Numa abordagem inovadora, um estudo publicado há umas semanas na revista científica Sleep traz uma análise da questão baseada em dados quantitativos obtidos com dispositivos usados no pulso junto de uma população de dezenas de milhares de pessoas.

O primeiro autor do estudo é Pedro Saint-Maurice. Este investigador português esteve os últimos sete anos a trabalhar no National Cancer Institute dos National Institutes of Health (NIH, é a agência de investigação biomédica do Governo Federal norte-americano). 

“A missão dos cientistas do NIH é fazer investigação biomédica inovadora para informar a população norte-americana e promover o desenvolvimento de ciência de excelência” explica este investigador. “Eu faço investigação em epidemiologia da actividade física, sobre o risco de cancro e outras doenças crónicas em função da duração, da qualidade, e do timing da actividade física. Tento perceber também o impacto do exercício físico em pessoas diagnosticadas com cancro.
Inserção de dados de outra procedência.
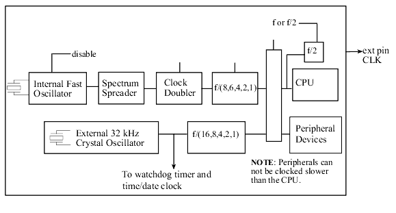 - The main crystal oscillator may be divided by 2, 4, 6 or 8.

Recentemente, comecei também a estudar o sono, outro factor muito importante para um estilo de vida saudável.” 

Em Outubro de 2023, Pedro Saint-Maurice integrou a equipa de investigação da Unidade de Mama da Fundação Champalimaud, com o objectivo de investigar e definir recomendações de atividade física e sono para os doentes oncológicos, tal como já existem recomendações em relação à dieta e ao exercício físico em populações não diagnosticadas com cancro.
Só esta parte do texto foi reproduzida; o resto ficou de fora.